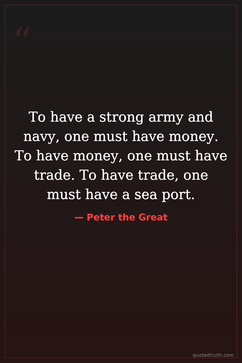 To have a strong army and navy, one must have money. To have money, one must have trade. To have trade, one must have a sea port.
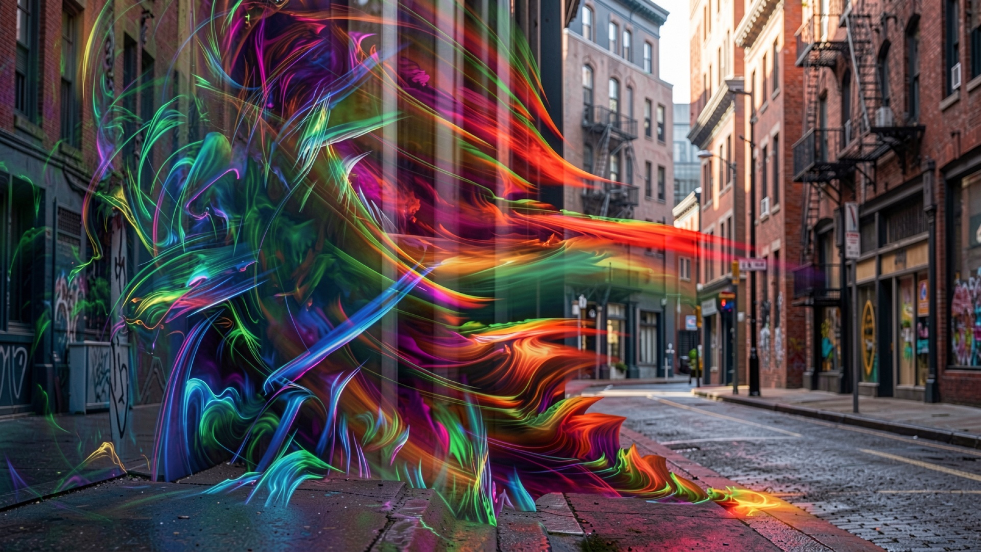 Абстрактные неоновые линии в городском переулке обои
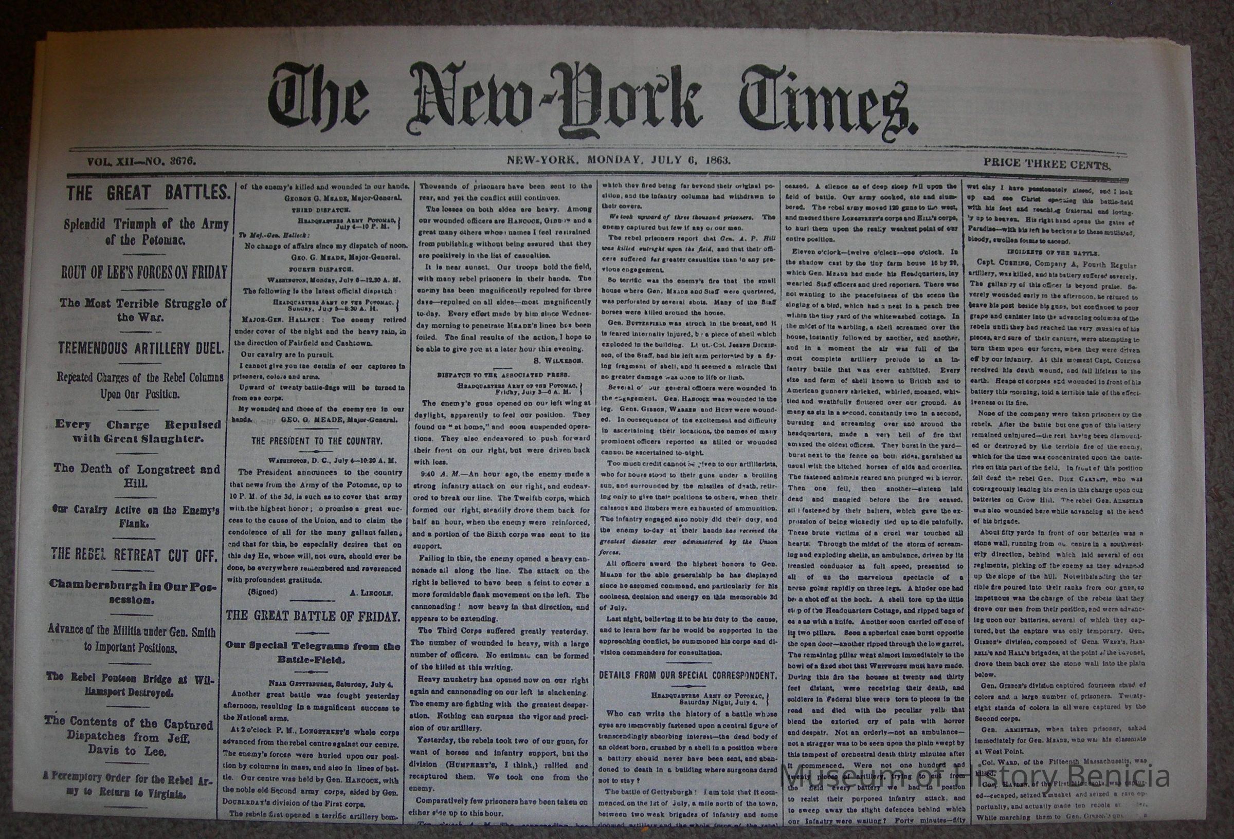 Reproduction The New York Times Monday, July 6, 1863 - Vol. XII - No. 3676; price 3 cents "The Great Battles"
---*---
▸ **WHAT THE TASK ASKS**
Please restate the data word for word, leaving out any picture it holds.

▸ **ANSWER AREA**
 To have a strong army and navy, one must have money. To have money, one must have trade. To have trade, one must have a sea port.
 Абстрактные неоновые линии в городском переулке обои
 Reproduction The New York Times Monday, July 6, 1863 - Vol. XII - No. 3676; price 3 cents "The Great Battles"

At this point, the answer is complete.